Trail Blazers
Mar 9, 2017; Portland, OR, USA; Portland Trail Blazers center Jusuf Nurkic (27) reacts against the Philadelphia 76ers during the overtime at the Moda Center. Mandatory Credit: Craig Mitchelldyer-USA TODAY Sports

By Adam Spinella

New Team, New Nurkic – Depending on what side of the ball you watch, you may think differently of the Portland Trail Blazers’ recent trade for Jusuf Nurkic. Nurkic slides in as a brutish post that scores and surprisingly is a skilled passer, playing with a hell of a high level of confidence at all times. He’s also a poor defender on a team devoid of interior defense.

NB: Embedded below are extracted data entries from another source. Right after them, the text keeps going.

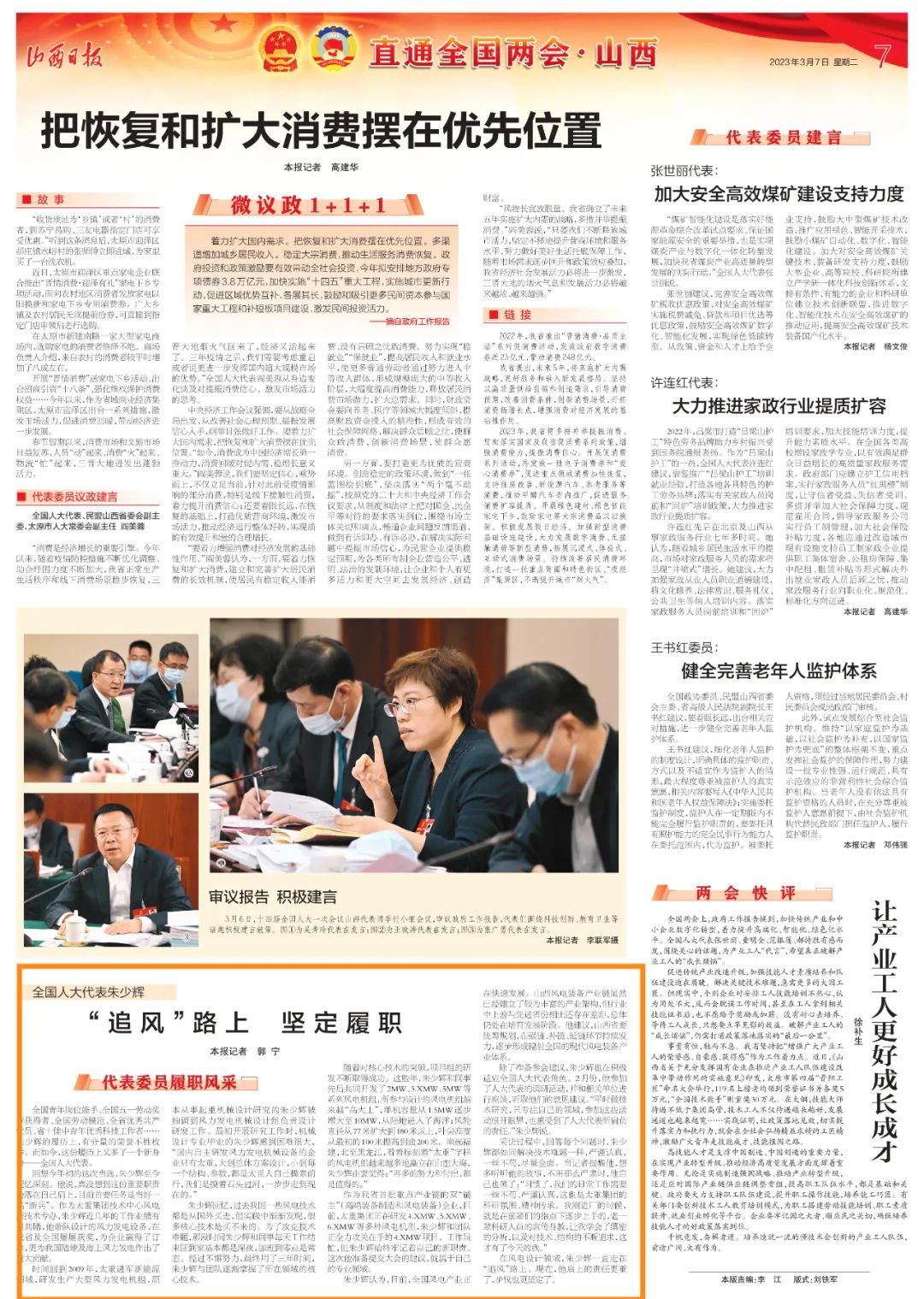 今日,山西日报《代表委员履职风采》专栏深度报道了来自永利赌场
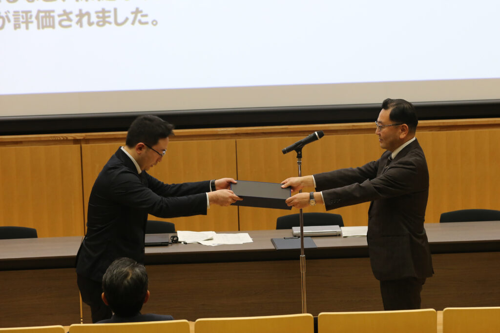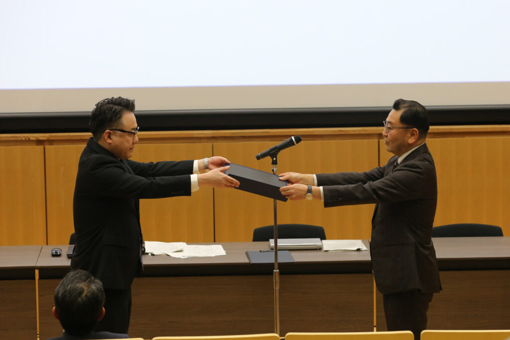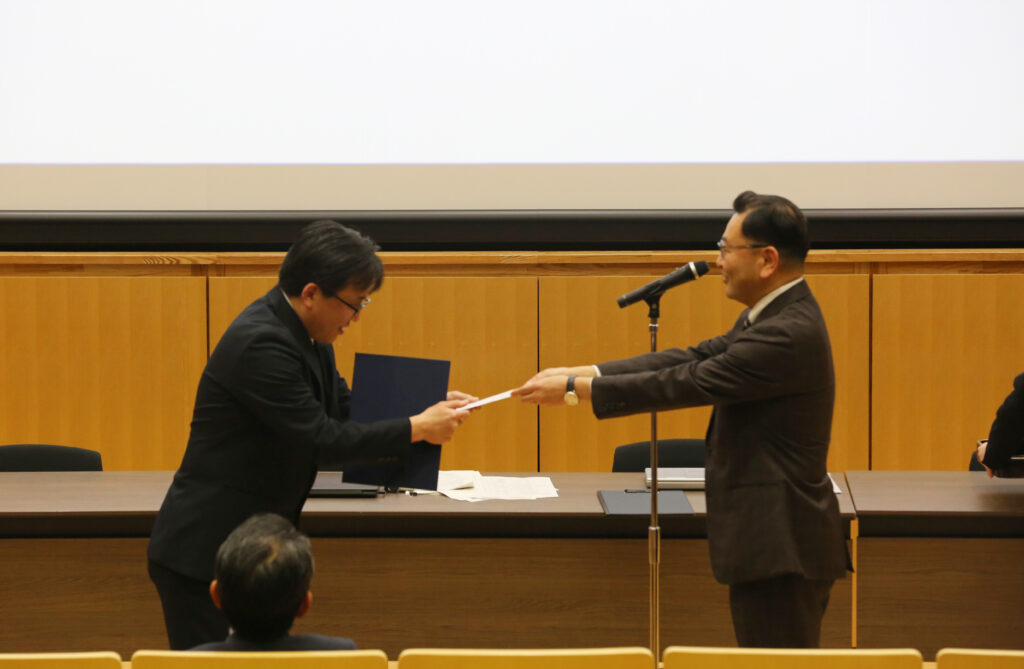 その後、受賞者には石井研究科長より賞状と記念品が授与されました。
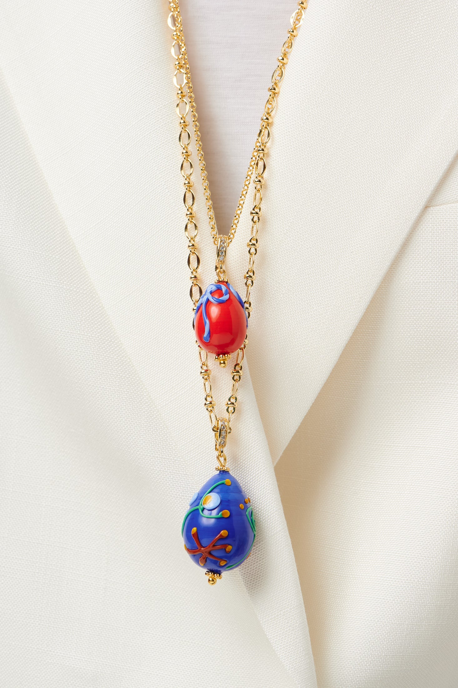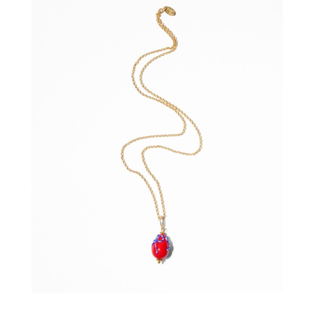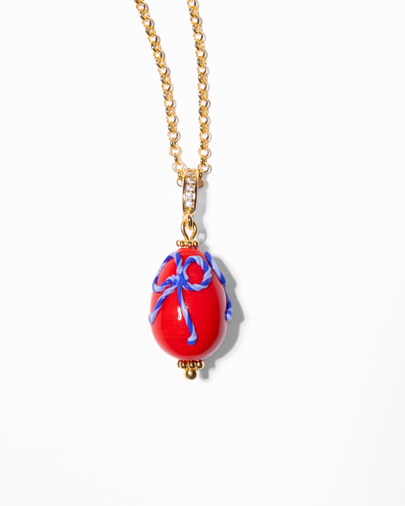 Made in Venice: our Murano eggs are made by glass masters following the "al lume" technique, which is century years old. A little "ritorto" bow made from twisted glass, in blue color adorns the polished bead. The egg pendant is set on a sparkling gold plated chain and has a clasp that allows you to remove the bead from the chain.
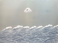 Lance’s continued series of watercolor paintings work with the sky to evolve the series forward while still using the repetitive and meditative elements from the original wave works. The sun's simple shapes add a minimal element to give the waves context, and the clouds have hidden faces in them, creating a dream-like character across the work.

Both have been on full display in his seven games with Portland. He’s averaged 14.9 points, 8.1 rebounds and 4.0 assists, while the Blazers have won three in a row and four of their last seven.

Case in point for the mix results with Nurkic: Portland’s game this past Tuesday against the Thunder. The Bosnian Bruiser put up a line of 17 points, eight rebounds and four assists while the Blazers were outscored by 21 points when he’s on the court in a game they won by five. That includes two big buckets in the final minute that helped the Blazers break away and close out the road win. Ask any coach and they’ll tell you the same thing: all 48 minutes matter, so while the late-game heroics are nice, he did a lot early that hindered the group as well.

To be fair, it was the first game of his in a Blazers uniform where his plus-minus was subzero. Nurkic on the whole has been excellent for the Blazers, scoring in the interior and passing the ball efficiently from the high and low posts. He plays well next to Lillard and McCollum, and has shown a knack for getting to the free throw line. As opposed to Mason Plumlee as the team’s center, Nurkic can’t get pushed around by physical posts in one-on-one play. Playing four athletes around Nurkic has helped their defense apply pressure on the perimeter, knowing they don’t have to dig down on the post in isolation situations. He’s anchored a defense that, statistically speaking, rates among the tops in the league with Nurkic on the floor.

It’s the pick-and-roll defense that has and continues to hurt both the team and the player, and it creeped into the fold on Tuesday night against the Thunder. Nurkic has never been known for his foot speed, but the effort he gives to try and corral a ball handler off the pick-and-roll has been his biggest drawback. Even in a scheme where soft or no hedges take place against ball screens, the least a big man can do in that situation is to get a hand up and contest the jump shot once the guard rises up. Nurkic doesn’t even go that far. It’s part of the reason why Russell Westbrook, a pick-and-roll oriented guard, was able to put up 56 on the Blazers.

Nurkic is no worse than any of the big men that Portland has trotted out on defense against ball screens. What he gives the Blazers at the other end though has been a gleeful surprise. Nurkic has massive oven-mitts for hands, palming the ball with ease. Now he’s utilized those frying pans hands to whip passes into tight windows. His court vision and ability to drop passes into tight windows as a roller are particularly impressive. Nurkic doesn’t need to take a bounce or a second or two to gather himself to make the correct read — he’s got soft hands and quickly faces up to find the right passing windows. I’m not sure anybody saw this coming when they acquired Nurkic in Portland.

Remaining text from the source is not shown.